Der Verwaltungsgerichtshof hat durch den Vorsitzenden Hofrat Dr. Schubert und die Hofräte Dr. Pokorny, Dr. Fellner, Dr. Hargassner und Dr. Bumberger als Richter, im Beisein des Schriftführers Dr. Cerne über die Beschwerde des Dr. NN in W, vertreten durch Dr. E, Rechtsanwalt in K, gegen den Bescheid (Berufungsentscheidung) der Finanzlandesdirektion für Wien, Niederösterreich und Burgenland, Berufungssenat IV, vom 28. November 1990, Zl. 6/1-1256/89-15, betreffend Einkommensteuer 1983 bis 1987, zu Recht erkannt:

Spruch

Der angefochtene Bescheid wird wegen Rechtswidrigkeit infolge Verletzung von Verfahrensvorschriften aufgehoben.

Der Bund hat dem Beschwerdeführer Aufwendungen in der Höhe von S 11.480,- binnen zwei Wochen bei sonstiger Exekution zu ersetzen.

Begründung

Der Beschwerdeführer ist Universitätsprofessor und Pharmakologe. Nebenbei verfaßte er im Zeitraum der Streitjahre im Auftrag verschiedener pharmazeutischer Unternehmen pharmakologisch-toxikologische Sachverständigengutachten sowie Gebrauchsinformations- und Fachinformationstexte bezüglich verschiedener Medikamente.

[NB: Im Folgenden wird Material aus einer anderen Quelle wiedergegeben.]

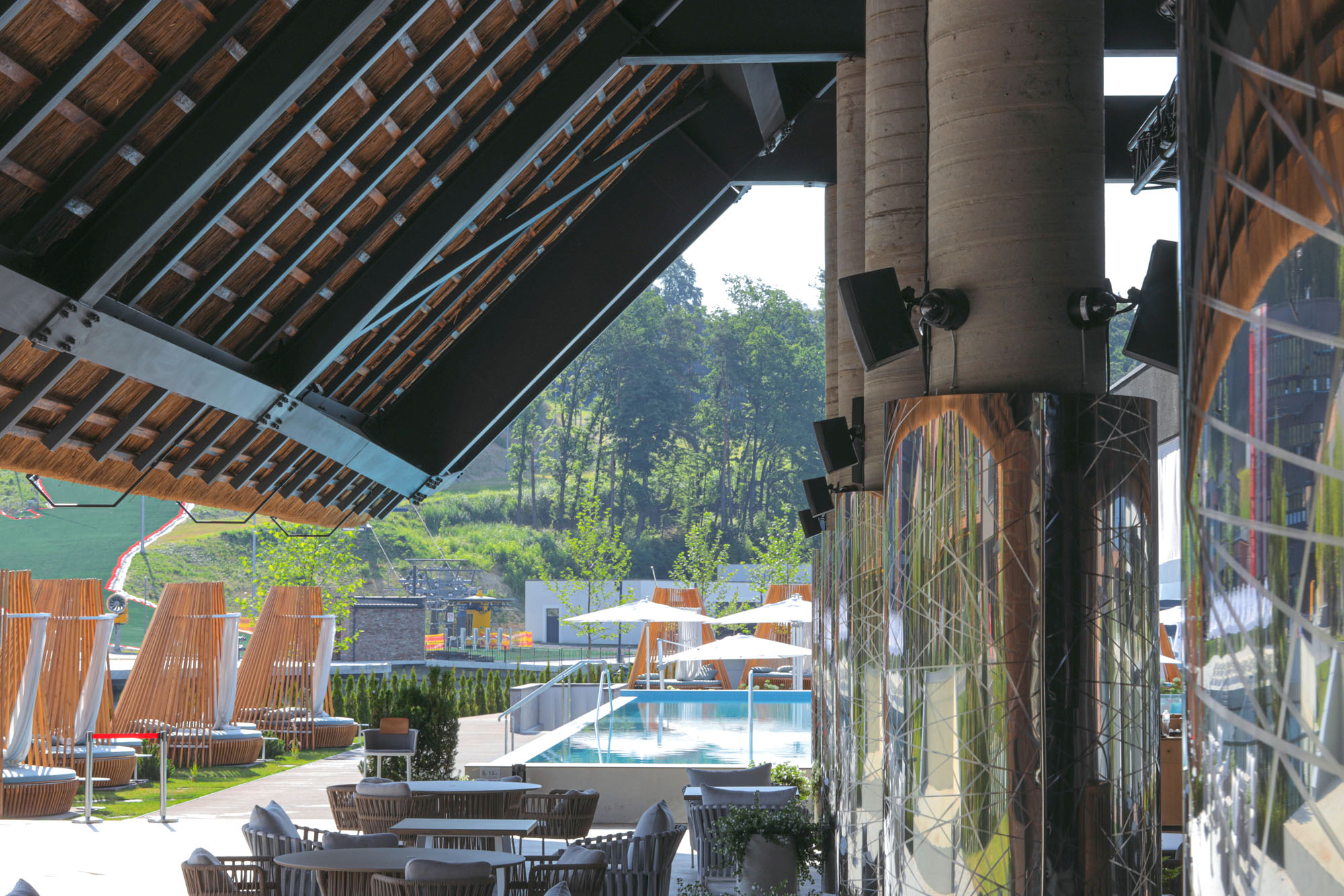 Захисники України на фронті зараз воюють саме за те, щоб наша Україна жила, працював бізнес, розвивалась культура, і продовжувалось цивільне життя. Із великою шаною та вдячністю нашим славним воїнам, ми продовжуємо працювати разом заради нашої спільної перемоги. Раніше ми вже писали про масштабні інсталяції звуку в заміському комплексі відпочинку поблизу Львова Emily Resort. Тепер прийшла черга озвучити дві круті відкриті локації цього курорту: острів ISLAND BEACH CLUB та пляж CITY BEACH. Виконання інсталяційних робіт проводила компанія-інтегратор FatSound. На цих двох майданчиках було використане найкраще інсталяційне обладнання Q-SYS від лідера ринку – американської компанії QSC. ![]() ISLAND BEACH CLUB

Im Zuge einer Betriebsprüfung nahm der Beschwerdeführer für die dafür vereinnahmten Honorare die Begünstigung des ermäßigten Steuersatzes nach § 38 Abs. 4 Einkommensteuergesetz 1972 in Anspruch, welche jedoch nur mit einem Anteil von 30 Prozent der vereinnahmten Honorare anerkannt wurde.

Mit dem im Instanzenzug ergangenen Bescheid der belangten Behörde schloß diese sich dem von der Betriebsprüfung vertretenen Standpunkt an und wies die Berufung des Beschwerdeführers gegen die Einkommensteuerbescheide 1983 bis 1987 ab. Es würde dem Beschwerdeführer die Begünstigung des § 38 Abs. 4 EStG 1972 nur dann zustehen, wenn die Honorare in erster Linie für die Abfassung der Beipacktexte und der Fachinformationstexte für die Eintragung in den Austria Codex bezahlt worden seien. Dies sei aber nicht anzunehmen, ergebe sich doch schon aus der gleichlautenden Textierung der Stellungnahmen sämtlicher Auftraggeber, daß diese sehr wohl zwischen Gutachten einerseits und Informationstexten andererseits unterschieden hätten, so daß im Falle der Gutachtertätigkeit die pharmakologisch-toxikologische und klinische Beurteilung des Präparats im Vordergrund stehe. Soll den Vorschriften des Arzneimittelgesetzes nicht bloßer Formalcharakter zukommen, müsse den Gutachten, auf welchen die Konsumenteninformationen beruhen, eigenständiger Wert beigemessen werden. Sei dies der Fall, müsse aber auch angenommen werden, daß diese Gutachten selbständig honoriert werden. Da die Gutachten selbst nicht veröffentlicht würden, seien die dafür vereinnahmten Honorare auch nicht steuerlich nach § 38 Abs. 4 EStG 1972 zu begünstigen. Daran ändere es nichts, wenn diese Gutachten die Voraussetzungen für die in Form von Beipackzetteln und durch Eintragungen im Austria Codex veröffentlichten Texte darstellen oder in diese eingehen. Es treffe auch nicht zu, daß die Auftraggeber an den Gutachten keine wirtschaftlichen Sonderinteressen hätten, weil die auch vor dem Inkrafttreten des Produkthaftungsgesetzes geltende Rechtslage den pharmazeutischen Unternehmen eine Haftung für ihre Produkte zugerechnet habe, zu deren Abwehr die vom Beschwerdeführer erstatteten Gutachten dienlich sein konnten. Die von der Betriebsprüfung geschätzte Aufteilung der Honorare schließlich sei dadurch gerechtfertigt, daß keinerlei schriftliche Vereinbarungen zwischen dem Beschwerdeführer und seinen Auftraggebern geschlossen worden waren, auch im Zuge der mündlichen Berufungsverhandlung hätten keine nachvollziehbaren Richtlinien für die Entgeltsbemessung angegeben werden können.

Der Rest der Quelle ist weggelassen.